The city should convene a working group to encourage private sector cooperation for shared use of courtesy vehicles, and to integrate existing commercial transportation providers into traffic mitigation and mobility programs.

New efforts to entice our guests to use transit is equally important. I believe we send the wrong message with valet parking on Durant Avenue, encouraging those who can afford it to drive through the core to one of our busiest streets.

Aspen’s goal of maintaining 1993 levels of traffic crossing Castle Creek Bridge has been accomplished with incentives and disincentives.

RFTA as an incentive alleviates thousands of car trips a day. Our disincentive is $6 an hour parking, effective yet not without downsides, discouraging local spending, visitation and adding to the elitist image of Aspen. How high will we go, and to what end, a downtown only the very wealthy can afford to visit?

Commissioning a new environmental impact study (EIS) for different entrance configurations over the Marolt property would cost millions, take years and wouldn’t result in a different “preferred alternative” than the current EIS (modified direct connection with transit) unless the community changed its goals regarding traffic and community character.

Our traffic problems won’t be solved with wishful thinking, but by respectfully working through hard choices and long-range alternatives. We must work to create the future we want, not just fight the future we don’t.

Skippy Mesirow

Many of us moved to Aspen with the intention of leaving the worst of city life behind. We would be happier, healthier, greener and more comfortable with less traffic and fewer parking issues. Alleviating both is a worthwhile goal. That said, some perspective is important: people need their cars.

This problem is simpler than our council has made it out to be. According to studies, we need only reduce peak traffic by 12 to 20 percent to eliminate the traffic problem.

If our initial goal was to house 60 percent of our workforce in town — and we are at 38 percent and falling — and if 40 to 50 percent of our traffic is construction and maintenance, then we need to start there.

More housing within city limits will reduce downvalley car use. Our current city council and staff fail to speak to those who are impacted, or impact an issue. Workers need their cars — I do for my job — but there are areas we can reduce vehicular use.

I would work one-on-one and in group settings with the construction and management community to find creative solutions to reduce vehicle use.

We don’t want to sit in traffic or pollute our environment. If we actively work on each of these two areas, we can significantly alleviate or eliminate the problem by reducing overall vehicular use near or beyond that 12 to 20 percent target.

Linda Manning

Traffic is only a problem if you are sitting in it.

New York has a traffic problem. L.A. has a traffic problem. Chicago has a traffic problem.

I live on a bus route by the hospital. On a typical day, I catch the 5:20 p.m. bus in the evening and I’m home by 5:30 p.m.

I consider it a win when it takes me less time to get home than it does waiting in line at the post office.
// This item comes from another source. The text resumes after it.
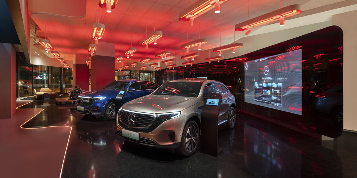 凭借创新十足的设计概念,anySCALE一举获得梅赛德斯-奔驰首批三家纯电动SUV系列展厅的室内设计任务 - the EQC。
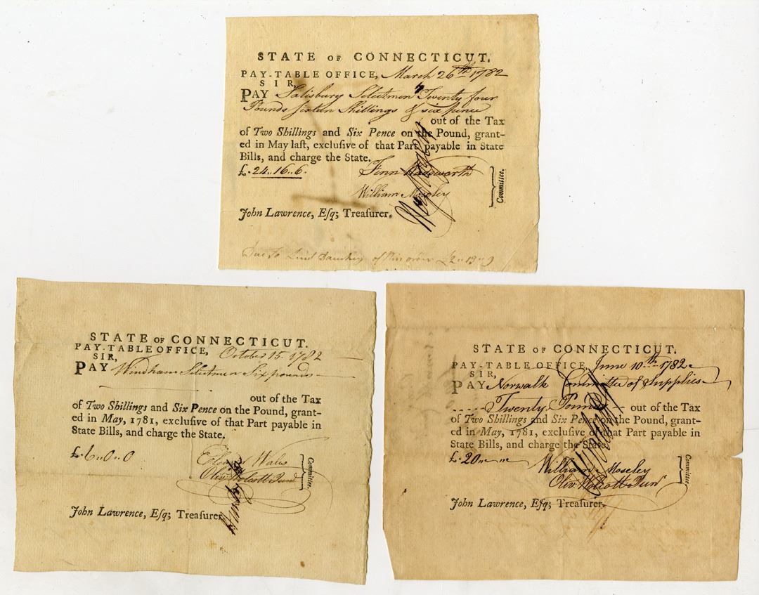 Connecticut, 1782. Lot of 3, I/C, Tax Warrants issued by the Pay-Table Office in Hartford. Warrants were issued for £6; £20; and £24.16.6. All have black print without any border. The Pay-Table (also known as the Committee of Four) managed Connecticut's military finances during the Revolutionary War. Financing the Revolution laid a heavy burden upon each colony, especially those which balked at levying taxes. In order to meet immediate needs, such as wages, the colonies relied upon wealthy revolutionists, foreign loans, and taxes and gifts from abroad. Issuing notes such as these was only a temporary solution. William Moseley (1755-1824) later would serve in the Connecticut state senate, while Eleazer Wales was another member of the Pay-Table. Ralph Pomeroy, who was to receive the payment, was a paymaster in the Continental Army. Eleazer Wales was graduate of Yale and Presbyterian Minister who also later served as a Justice of the Peace in Hartford. He remained involved in state politics, acting as State Controller after the war. Fenn Wadsworth (1750/51-1785) was a brigade major to General James Wadsworth from 1776 to 1779. He fought in many battles during that time, but his failing health forced him to leave active service. Wadsworth stayed in Connecticut's government, as shown by his membership to the Pay-Table Committee. Oliver Wolcott Jr. (January 11, 1760 - June 1, 1833) was the second United States Secretary of the Treasury, a judge of the United States Circuit Court for the Second Circuit, and the 24th Governor of Connecticut. He was a member of the Pay-Table Committee for several years, and was a commissioner to settle claims of Connecticut against the United States from 1784 to 1788. When Wolcott died in 1833 in New York City, he was the last surviving cabinet member of the Washington administration. Pieces are in VF-XF condition. (3). Sold "AS IS" no returns accepted.

There are certain times a year, like X Games, when the wait in traffic out of town is especially long. To me, what we call traffic is just one of the tradeoffs you deal with when you live in Aspen.

During the bridge construction this past summer, the sentiment from the city was traffic flowed pretty good using the detour.

The detour was Power Plant Road and the West End neighborhood. Any other time of year this route is discouraged unless you live in the neighborhood.

Since it worked so well during the bridge construction, maybe we should open it up permanently as a formal secondary means of egress.

I think a lot of our traffic issues are self-imposed from the dedicated pedestrian way down Hopkins to not encouraging the use of Power Plant Road. I don’t think putting a four-lane through the Marolt open space or a straight shot are the answers.